Возникла чистая, пронзительная тишина. Казалось, ее можно было брать, резать на тонкие дынные ломти и с наслаждение поедать.
Отец Захарий счастливо рассмеялся. Неужели прошло?! Неужели голос отступился?!
Он поднялся с подоконника. Ноги и руки дрожали. Отец Захарий, забыв, что он голый, включил свет и снова подошел к окну. Там легче дышалось и думалось.
Рвотная масса все еще курсировала где-то в районе глотки, но уже не столь настойчиво просилась наружу.
– Благодарю, – прошептал отец Захарий и тут же согнулся от боли, которая пронзила его черепную коробку. Во рту снова возник вкус блевотины, и голос, тихий, потому что святой отец не пользовался усилителем сигнала, произнес: «Раб мой, я в гневе, ты не остановил братоубийцу и богоотступника!»
* * *
Семен сидел на корточках и держал между большим и указательным пальцем истекающее кровью вперемешку со слюной и соплями лицо Вики. Дробовик он уткнул дулом в пах Димы, который лежал ни жив ни мертв, быстро вращая глазами, и тщетно пытался найти выход из сложившейся ситуации.
Но выхода не было.
– Что же ты наделала? – говорил Семен. От него сильно пахло алкоголем. – Я пустил тебя внутрь своей души, дал тебе все, что в ней было, а ты взяла и растоптала, обоссав углы. Я думал, что ты мудрая женщина, что ты сумеешь просто сказать мне, по-хорошему, как обстоят дела. Не обманывать, не вести себя как настоящая стерва и блядь. Но ты этого не сделала. Ни-че-го ты не сделала для меня. Почему же?
– Прости, – Вика шепелявила. Подбородок ее, скользкий от крови, прыгал и вырывался из пальцев Семена, но он держал крепко, как волчий капкан.
– Это уже ни к чему. – Семен расстроенно покачал головой. – Ты не заслужила прощения, потому что это твоя натура. Ты шлюха.

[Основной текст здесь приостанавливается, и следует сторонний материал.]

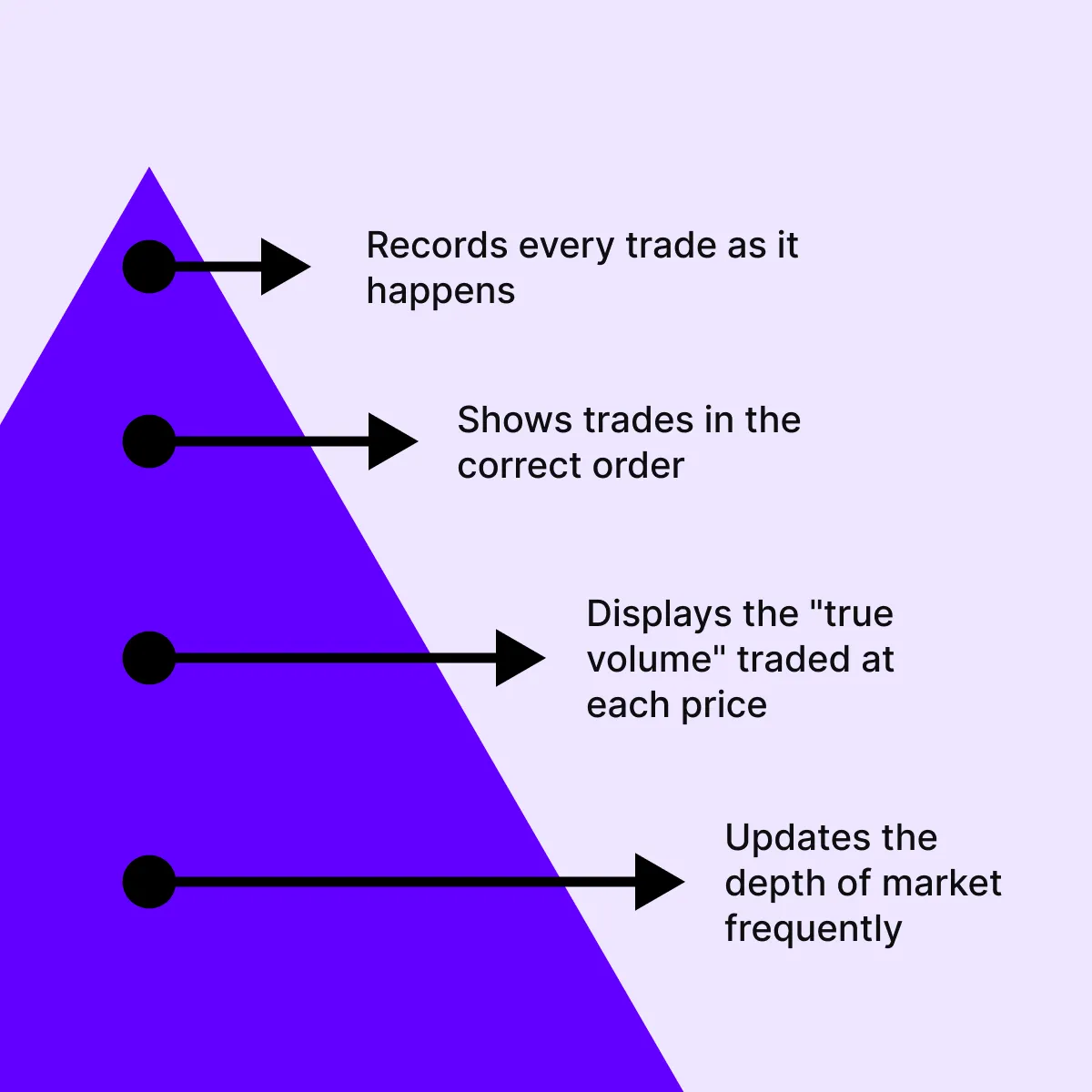 Many traders rely heavily on order flow analysis in their decision-making. Remember that it only tells the truth when the data behind it is complete and updated promptly. Seasoned participants believe order flow “stops working” during fast markets or volatile sessions. However, the real issue is usually the quality of order flow data (not the method itself).
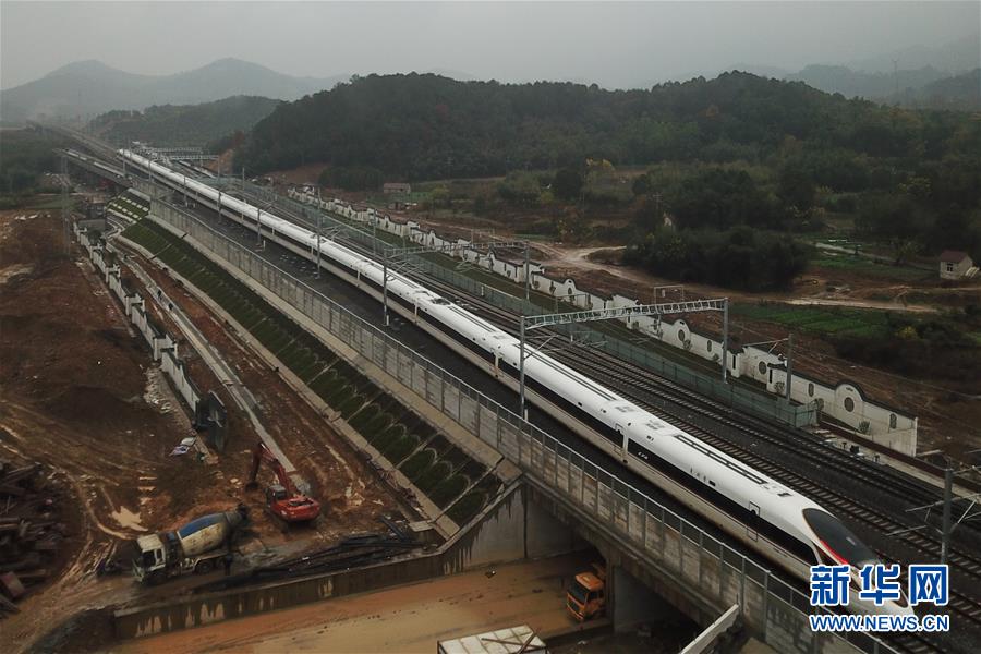 当日,两辆“复兴号”动车组列车首次在处于试运行阶段的杭黄铁路上行驶,列车在杭州南站与黄山北站间多次往返“试跑”。 杭黄铁路连接浙江杭州与安徽黄山,并穿过富春江、新安江、千岛湖等风景名胜区。据了解,杭黄铁路计划于12月底开通运营。
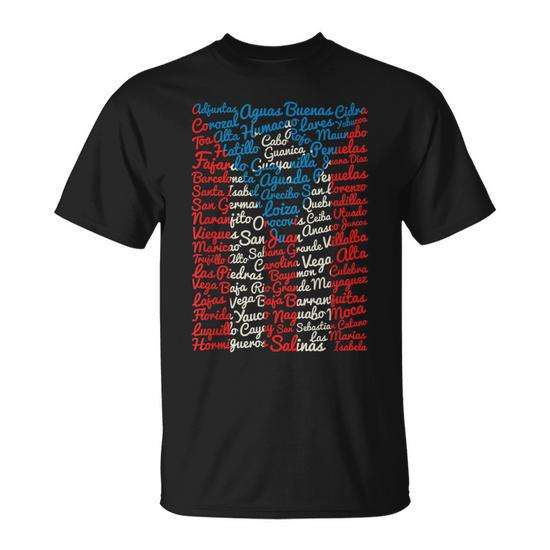 Camiseta retro vintage con bandera de Puerto Rico, ciudades y pueblos, unisex para adultos, 100% algodón
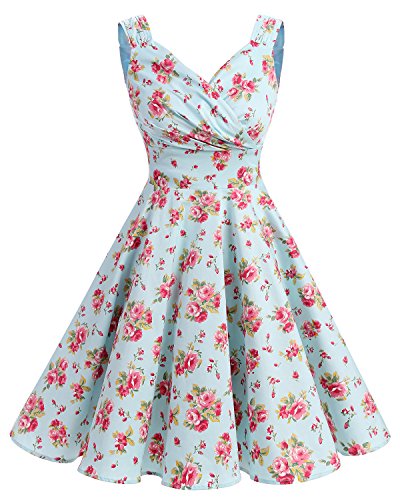 Bridesmay Damen Vintage 50S Retro Partykleid Rockabilly Knielang Cocktailkleid
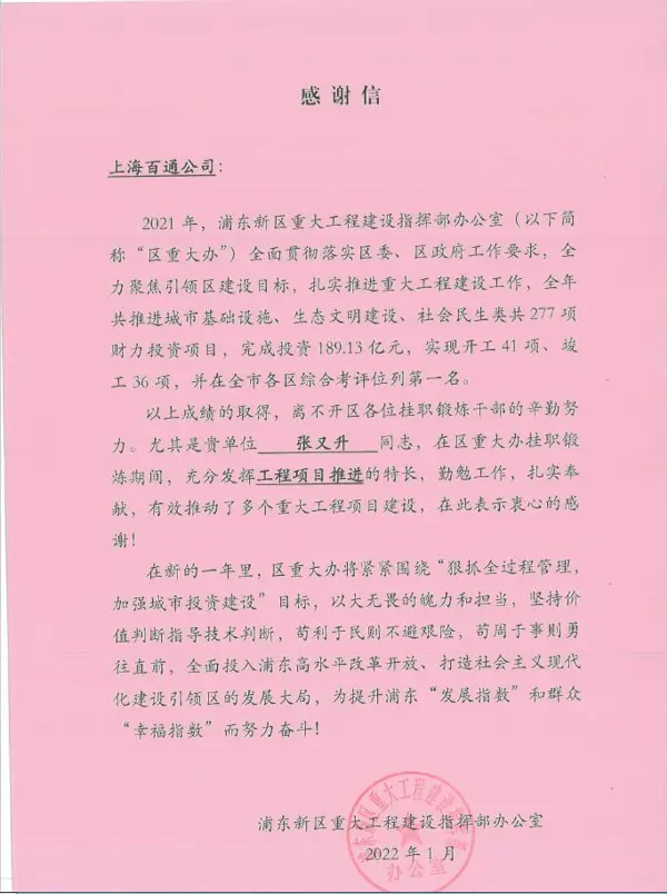 收到浦東新區重大工程建設指揮部辦公室向張又升同志發來的感謝信,感謝張又升同志在新區重大辦掛職鍛煉期間,充分發揮工程項目推進的特長,勤勉工作、扎實奉獻,有效推動了多個重大工程項目建設。

Ты живешь с этим замечательным доктором, да?
Охотник дернул дробовиком, и Дима вздрогнул, покосившись на него заплывшим глазом.
– Да, – прошептала Вика.
– А зачем ты клеилась к страннику? Зачем ты крутишь хвостом перед каждым мужиком в нашем дворе, включая меня, ущербного?
– Я не… кручу… хвостом.
– Хватит врать. Хватит врать!
Семен сжал пальцы так сильно, что челюсть у Вики хрустнула и из глаз в буквальном смысле брызнули слезы. Дима попытался помочь ей, но Семену достаточно было лишь поднять ствол дробовика повыше, заехав ему в кадык. Дима схватился за горло и со свистом, страшно, как будто задыхался, начал шумно втягивать воздух.
– Ты врешь всю жизнь, – сказал Семен, не обращая внимания на судороги Димы. – Достойна ли такая потаскуха жить на этом свете, поделись соображениями?
Вика опустила голову и зарыдала во весь голос.
* * *
Отец Захарий стоял на подоконнике, держась за раму открытого окна. Ветер приятной прохладой скользил по его потному голому телу.
Голос в голове говорил, не останавливаясь. Он то пропадал, то появлялся вновь и требовал, требовал ответа.
Но Захарий молчал.
Единственное, чего ему хотелось сейчас, – избавиться от этой чешущейся твари в своей голове.
Он взглянул вниз. Седьмой этаж, твердый асфальт. Святой отец любил подниматься по лестнице, это способствовало профилактике одышки, что при его серьезной комплекции являлась старой и серьезной проблемой.
Голос не умолкал.
Захарий посмотрел вниз, затем наверх, на небо. Перекрестился.
* * *
Семен закончил бить Диму по голове. Доктор лежал на кровати, обезображенный и недвижимый. Он перестал сопротивляться уже после третьего удара, но охотник и не думал прекращать избиение.
Наконец, когда в чертах лица этой мясной куклы, лежащей на кровати, уже нельзя было узнать успешного доктора, к которому ходило больше половины семьи, Семен слез с кровати, на которую забрался с ногами, и удовлетворенно крякнул.
Вика сидела, забившись в угол, и молчала, тупо уставившись в стену. На щеке у нее расплывался огромный синяк, порванная майка и трусы ничуть не скрывали те места, которые так сильно когда-то любил Семен.
Он подошел к ней, одеялом стирая с дробовика кровь. Затем, когда цевье и спусковой крючок были очищены, упер приклад в плечо и прицелился девушке в голову.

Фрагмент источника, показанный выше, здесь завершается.